Here is a short video of my energetic cow and adorable little lamb at their Christmas program:  Luke and Jack's Christmas Program

 

Jack's thyroid test results came back lower than the first initial test but still higher than normal.  This time it was 5.7 and 4 is the normal range.  We go to meet with an Endocrinologist on January 9th to get more information on the thyroid and what the future will look like with this medication.  

I absolutely love going to physical therapy!  We go once a week and our PT works Jack pretty hard and he is doing amazingly!  It is such a blessing to have such a wonderful place to go that has high expectations and we all enjoy going!  Luke asks to go to the PT's house because he has so much fun and she has the BEST toys...sorry Luke...it's not her house (it is her business)...but it does feels like home to us! :)  He is still working on that six pack so many exercises are spent on his core muscles.  He has been working on transferring his weight to the opposite side to grab things and has also gotten into the crawling position!  What a champ!  I always leave there with such excitement on the progress he is making.

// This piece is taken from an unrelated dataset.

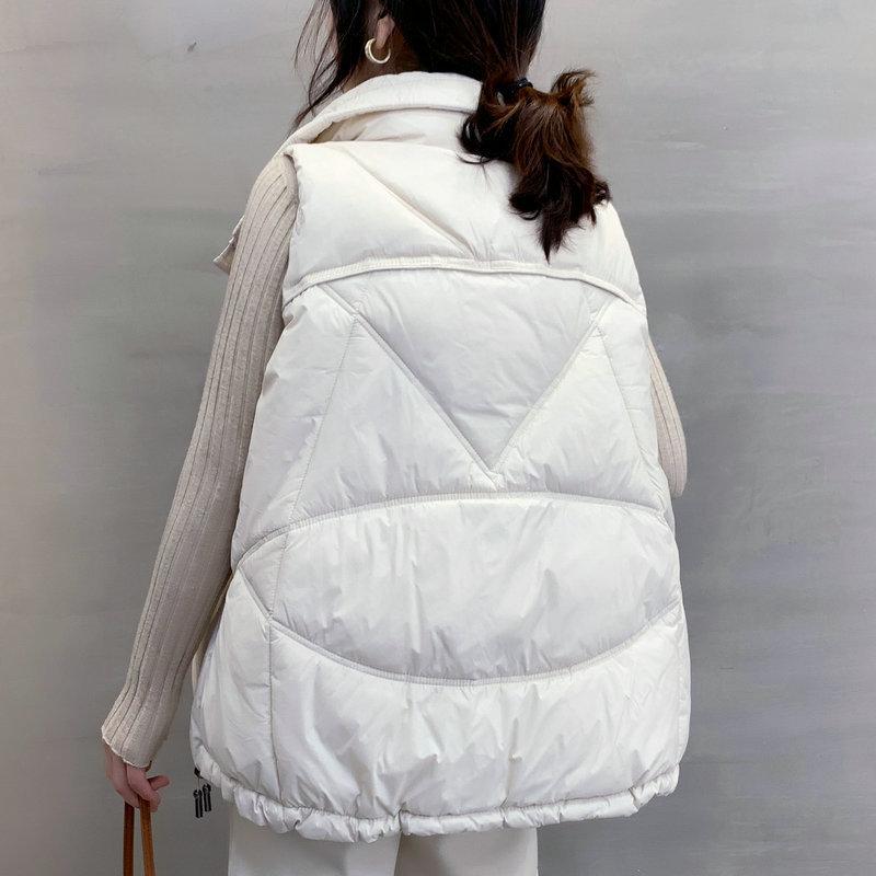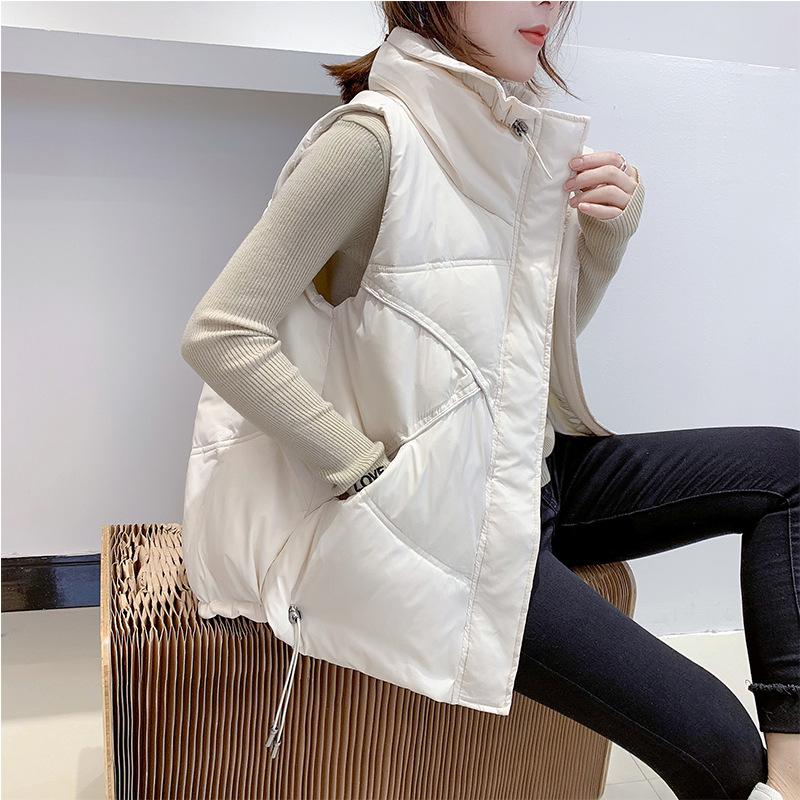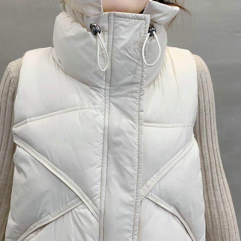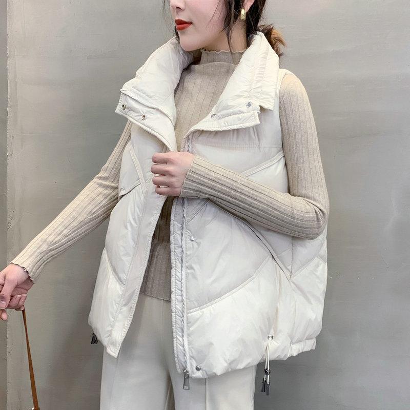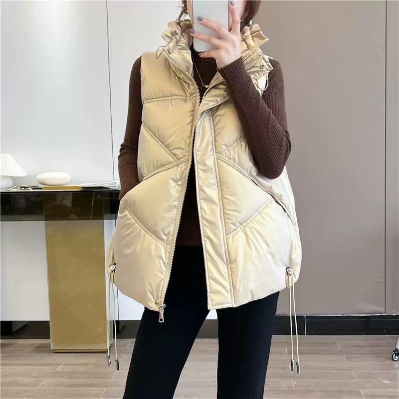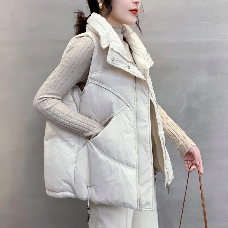 Chaqueta de plumón ligera de otoño e invierno 2023, chaleco corto holgado para mujer, chaleco de plumón de pato blanco con cordón, moda

We started treadmill training this week.  I posted about this in June, as Chris had talked with Dr. Ulrich, who has conducted numerous studies and published many journal articles on kids with Ds, as treadmill training improves developmental outcomes with walking.  Jack owned the treadmill like a boss.  :)

 

Little guy, big potential.  

So I wanted to share some of the videos that really encouraged me.  In the early days I used to stay up way too late and try to find videos, information, and pictures of what Jack's life would be like.  Again, I reflect on those days realizing that fear drove a lot of my thoughts and feelings about Jack having Down syndrome.  Will he be able to talk, walk, read, have friends, get a job, live with us forever, and on and on.  I had made assumptions of what persons with Ds could and could not do...boy was I wrong!   I do know that just because someone has an extra special chromosome doesn't mean that my Jack is going to be like them...just like we can't generalize ANYONE!  When we do, we miss out on some amazing individuals because of our own ignorance.  Check out some of my favorite people and how their lives encourage me!

Meet Teddy Kremer. I watch this video at least once a week.  He is a baseball fanatic and is the batboy for the Cincinnati Reds.  Teddy your love and excitement for life makes me smile! :)

Meet Tim Harris.  He's owns his own restaurant...and I would love a hug from this guy! I received this video two days after Jack was born.  I remember watching it in the hospital.  How many of us dance ourselves into our job everyday...can you say JOY????

Meet Rion Holcombe.  His mom captured him getting his acceptance letter to college.  I love the moment when he realizes it and looks up at his mom...gets me every time!  College...breaking stereotypes left and right!  Way to go Rion!  

Meet Jack Carroll.  Little guy, big potential.  YOU have been one of the BEST GIFTS I HAVE EVER GOTTEN and over 24,000 times people have read about you changing the world.  I am in awe of God's goodness and I am so thankful to get a front seat.  You have big potential, HUGE! I love you buddy and honored to be your mama!